Khaled bin Alwaleed Al Saud (خالد بن الوليد آل سعود; born 21 April 1978) is a House of Saud royal, entrepreneur, and investor. He is the son of Al-Waleed bin Talal and his first wife and cousin Dalal bint Saud. Khaled has been noted for his vegan lifestyle. He is the grandson of King Saud of Saudi Arabia on his mother's side and a great-grandson of King Abdulaziz, the founder of the Kingdom of Saudi Arabia, on both his mother's and father's side.

==Early life and education==
According to his official biography, Khaled was born in Stanford, California and raised in Riyadh. At age 14, he suffered a crushed skull during a jet skiing accident in France, but eventually made a full recovery. He graduated from the University of New Haven with a degree in business before going to work for Citigroup.

==Career==
Khaled is the founder and chief executive officer (CEO) of KBW Investments and KBW Ventures, and the founder of property developer Arada. Through his companies, he is an investor in the Italian crane manufacturer Raimondi, in Beyond Meat, the tech news website TechnoBuffalo, ESG capital firm Eat Well Investment Group (EWGFF), and Square, Inc. He has also been an investor in and board member of JUST, Inc. He was named as one of a number of high-profile investors in the $17 million Series A round of investments in the lab-grown meat startup Memphis Meats. In 2018, Khaled announced plans to open a chain of 30 vegan restaurants in the Middle East. The same year, he was named Technology Investor of the Year at the Arabian Business CEO Middle East awards. On 9 September 2021, Prince Khaled joined Eat Well Investment Group Inc. as a strategic adviser.

==Personal life==
Khaled is the son of Al-Waleed bin Talal and Dalal bint Saud. He married Munira bint Ibrahim Al Assaf, daughter of Saudi former finance and foreign minister Ibrahim Al Assaf.

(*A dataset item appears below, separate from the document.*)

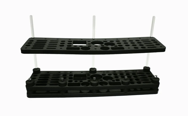 The Hareline Foamanizer 16” Standard Tool and Thread Caddy. This Standard Thread and Tool Module holds a lot of tools and thread. This can hold stackers, scissors, bobbins and more. The sides connect to hold glue, thread and other accessories.

In the 1990s, Khaled was known for his opulence and extensive collection of 200 luxury cars. After participating in a trophy hunt in South Africa, a trip he would later describe as "cowardly", Khaled adopted a more austere lifestyle, ultimately becoming a vegan and disposing of his automobile collection. He has been described as an environmentalist and has called for the abolition of zoos, reportedly purchases carbon offsets for his travel and drives an electric Tesla Model X P90D. Khaled's father was reportedly inspired by his son's adoption of veganism to become a vegan himself.